Carnage Park is the sixth film written and directed by Mickey Keating. It’s no surprise, given the retro-vibe of this thriller, that all of his previous films have been of the horror/thriller genre as well. I may be speaking out of turn, but I can’t help but think as a savant of the genre that I, too, would want to take on the task that is a pseudo-grindhouse venture. My prior “recipe” is not coincidental, as I do feel like this film is almost an homage to Texas Chainsaw Massacre. In no way is it a rip-off, but he gives the characters a similar goofiness and unique, creepy wit. An opening monologue and shot makes that sale instantly. Taking place in, what I would call, “The California Outback”, the film’s background is a desolate, hot landscape with no tree or shade for miles, giving a natural sepia hue to throw us back a bit. (NOTE: Please don’t confuse or be concerned by my use of the sepia color/tone reference by thinking this film is like viewing an Instagram feed with faux-throwback photos and videos. You’ll find no annoying cross-fit clips or Taylor Swift music videos shared. Scout’s honor.)
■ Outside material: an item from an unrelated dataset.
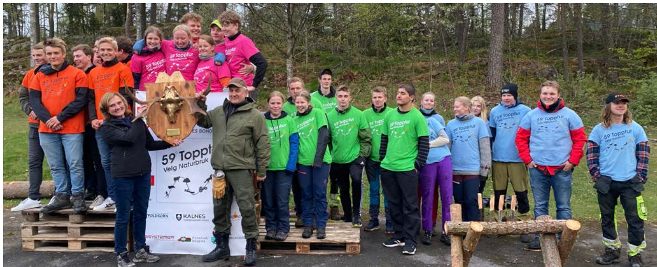
PALLEN: Øverst på (Euro)pallen troner Kalnes vgs. med Det gyldne gevir. De andre finalelagene var Tomb, Kongsberg og Buskerud.

It’s in the wilderness that we meet Wyatt Moss, played [well] by Pat Healy, a man who has carried many roles over the years. I see Wyatt as the love-child of some sick but amusing soiree between Kubrick’s Sergeant Hartman, the aforementioned Leatherface, and the douche brother that is Chet from Weird Science. With a description like that, the brain gets a little wrinkled trying to put it altogether visually, but throw on an old pair of Uncle Ronnie’s glasses and I’d like to say it’s pretty spot on. He’s sports the look of quite the huntsman with an affinity for war, and from there the intentions of the film are fairly clear.
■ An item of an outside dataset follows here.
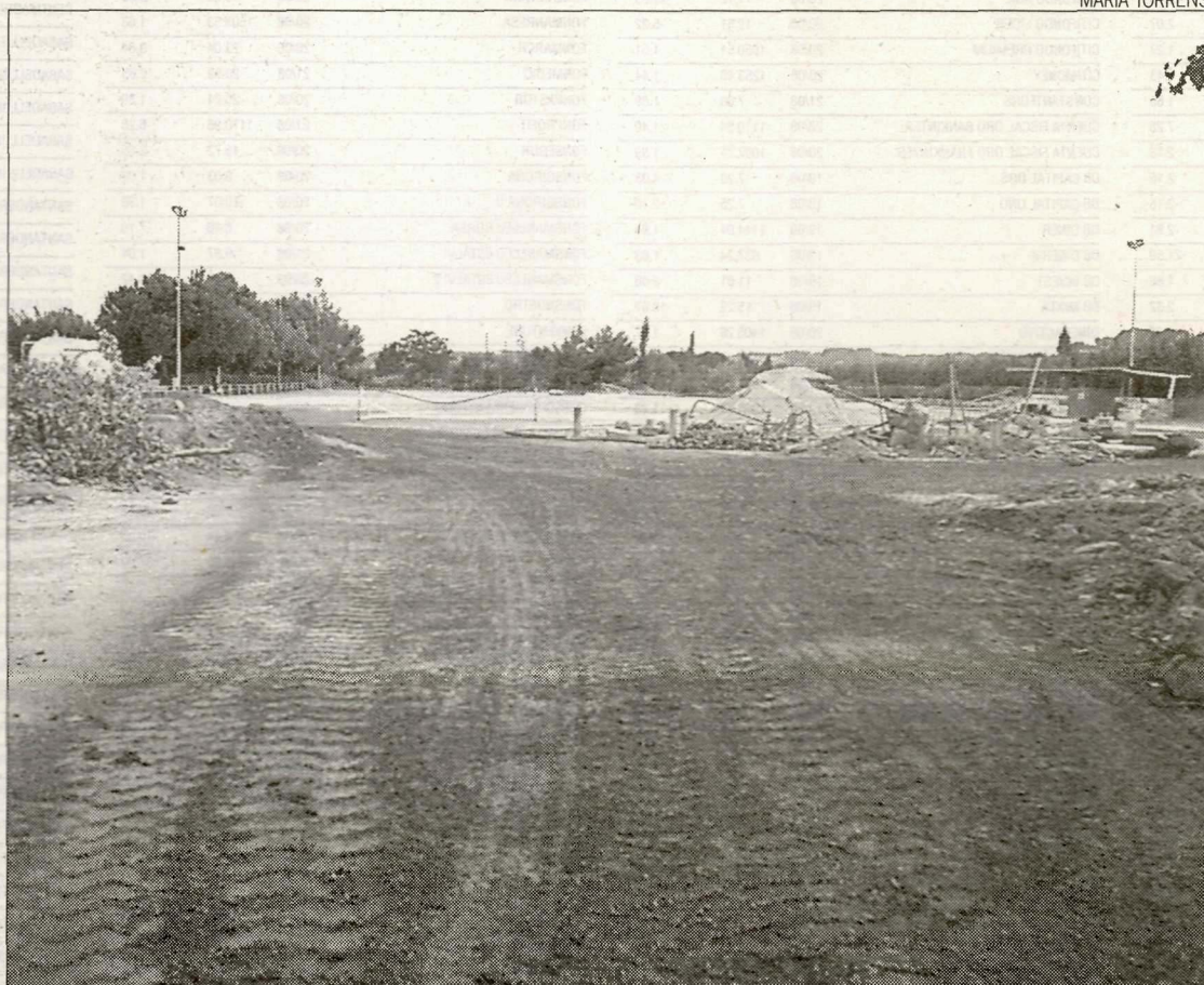
El parc del Graó d'Alpicat s'està condicionant per a la celebració del Meloman Alpicat Festival.

El camp de futbol del parc del Graó viurà aquesta nit l'estrena del festival amb les actuacions de grups que compten a les seues files amb almenys un

You don’t meet a whole lot of people viewing this 70’s horror throwback. We have two criminals on the run, Scorpion Joe and Lenny, with a captive Vivian post-bankheist (Ashley Bell from the The Last Exorcism [franchise?]). As anyone could expect, a kidnap-ee is and would be quite distressed, but Bell’s frantic expressions are one of the more fun pieces I found here. Her character, Vivian, is much like her prior demonic-stricken showings in that she’s an innocent [seemingly] southern young lady who enters a world of pain. In this scenario, unlike the other, she comes to form in the chaotic environment. Of the few characters we’re greeted with is the famed Alan Ruck, or Cameron of Ferris Bueller fame. Obviously it’s not a huge cast, but the story makes it clear rather quickly who it wants to focus on.
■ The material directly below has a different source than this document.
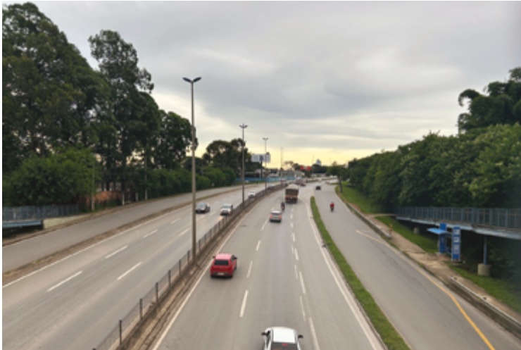
Calendário para pagamento do IPVA já tem início na próxima semana, confirma Detran Goiás

With traps set about this deserted real estate amongst dry bush, vehicular boneyards, and creepy housing, there’s not a whole lot worthy of taking refuge. When Vivian is left to her self, taking on the role of Schwarzenegger’s Running Man she finds this out with Wyatt on the hunt. Despite the vastness of the scenery, there’s no place to hide, or stay for long. She’s continually found, and it’s unclear if Wyatt is just a bad shot or just making more sport of the sport. Either way, a bullet near the ankles or the ear give exact instruction to press on for survival. In her quest to remain alive, we see Vivan’s transition from girl to woman, or fragility and innocence to determination and moxie. I can’t exactly say the hunter becomes the hunted, but I can say the hunted definitely does not lay down.
It goes without saying that I’m not going to mention how it all unravels or ends. Regardless how you like horror movies to end, on the side of devastation or on the side of triumph, there’s a little bit for both parties as the story wraps. If a fan of any horror or thriller, or even dark comedy, Carnage Park is worth more than simple consideration; however, if a fan of any cult flick, do not miss out by waiting and take in the first available viewing possible.